A los 7 años de edad, las bobinas de papel y el penetrante olor de la tinta marcaron para siempre mi destino. Ese sonido rítmico, frenético, acompasado de la rotativa Harris, que escupía los periódicos impresos, pasó a ser parte de mi vida. De la de muchos.

Quizá todos puedan concluir en la misma idea desde los aprendizajes dejados por su generación; pero desde los de la nuestra pensamos que la mejor época para estudiar periodismo fue la de los años ochenta. Los impresos llenaban las calles de distribuidores en sus puntos fijos, o voceando por las calles, o en las bicicletas de cartero o motos tipo “panaderas”.

La suscripción, en aquella época, era un trato directo con el canillita. Era su negocio. Las grandes empresas de comunicación de medios impresos no sentían aún la necesidad de adoptar esa figura, el canillita sí.

Cuando cursaba el tercer semestre de periodismo, y cuando había reafirmado mi decisión de dedicarme al periodismo impreso, me suscribí a dos diarios nacionales con quienes firmé un compromiso de honor: leerlos íntegros, a diario, hasta en su sección deportiva, mi eterno karma profesional.

En seis meses, mi cuarto de estudio pasó a ser una enorme bodega llena de retazos de los diarios EL UNIVERSO y Hoy. Recortaba las noticias y las almacenaba por áreas de interés: política, periodismo, cultura, tecnología… Fue la forma en la que descubrí las técnicas de redacción y, sobre todo, a la patria misma. Un par de años después, el canillita me abandonó por incumplimiento de pago: mi precario presupuesto de estudiante universitario me obligó a ser cliente de las hemerotecas.

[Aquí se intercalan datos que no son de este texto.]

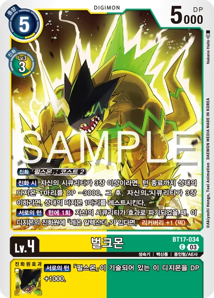 When Digivolving If you have 3 or more security cards, 1 of your opponent's Digimon gets -3000 DP for the turn. If you have 3 or fewer, suspend 1 of your opponent's Digimon.

Y no fue sino hasta que estaba dentro de los impresos que entendí una de las dinámicas económicas que les permitían subsistir: una agenda informativa propia, de alto impacto, que posicionaba su credibilidad; en consecuencia, niveles de circulación que los ponían por delante de sus competidores inmediatos; en consecuencia, medios atractivos para los anunciantes. Era eso o perder la vergüenza y llenar de burdo sensacionalismo y sexo los papeles, sin el menor ápice de credibilidad.

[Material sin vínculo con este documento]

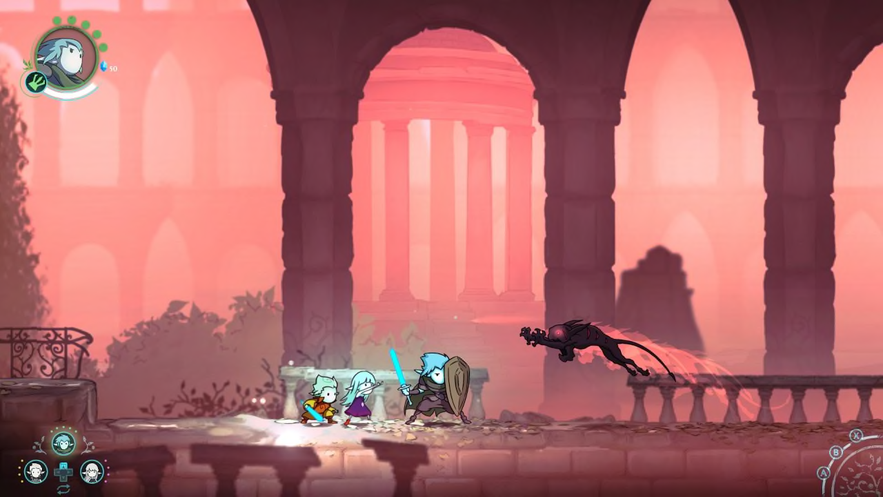 Once Adara and Raydel join Greak in your party, you’ll travel around in a group and the team must work together to progress. You can freely alternate control between all three characters and you can either choose to advance as a group if close enough together (by holding down ZL) or individually. This leads to a number of cleverly thought-out puzzles whereby you need to position everyone in the right place so as to compress a number of switches simultaneously or deflect light beams (for example), allowing you to progress. The puzzles are a highlight of the gameplay and each one is a little brain-teaser in itself.

Los impresos que acompañé, o mejor dicho me acompañaron durante dos años de mi formación, fueron una gran escuela. Y del Hoy aprendimos sobre innovaciones tecnológicas, y en las aulas universitarias discutíamos sobre eso que llamaban “edición satelital”.

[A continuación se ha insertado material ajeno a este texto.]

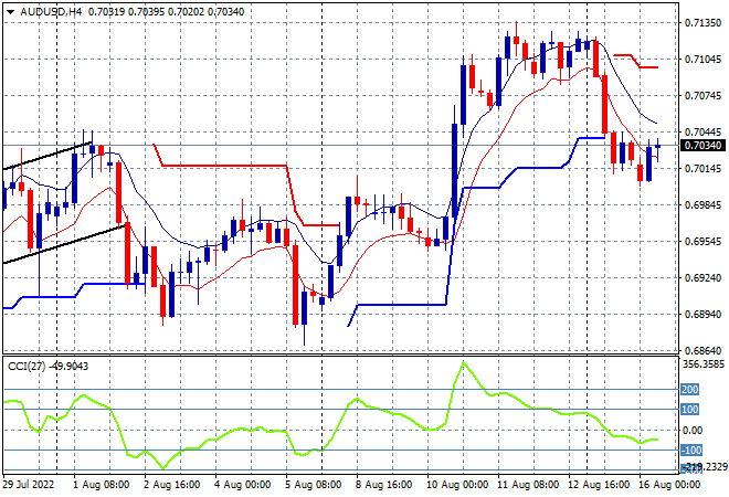 Another relatively mixed session for Asian stocks with Chinese bourses unstable with only the ASX200 lifting substantially as the Australian dollar continues to falter as it hovers at the 70 cent level while Euro flops around after a very poor start to the week. Meanwhile oil prices are also slipping, with Brent crude retracing further well below the $100USD per barrel level, while gold is again proving frustrating as it holds on to its poor Monday morning start well below the $1800USD per ounce level:

La década del noventa nos trajo la internet. Y con la internet, las redes sociales. Y con las redes sociales, el denominado periodismo digital. Y con el periodismo digital, la viralización de las noticias y una mayor participación ciudadana. La pantalla desplazó a las bobinas. Así debe ser. Ahora, la mejor época para estudiar periodismo seguramente es la actual.

Los medios impresos viven una crisis global: en el año 2012, 2.800 millones de personas navegaron en internet para enterarse, informarse, entretenerse o formarse. Un desarrollo tecnológico que está empujando a los medios impresos a tomar decisiones tan radicales como la que ha tomado el diario Hoy.

Y una segunda crisis: la de la credibilidad, la que enfrenta a los medios con sus propios fantasmas y con los temas de confrontación política. Dos elementos de un mismo conflicto cuyo mediador, como en lides anteriores, será la verdad.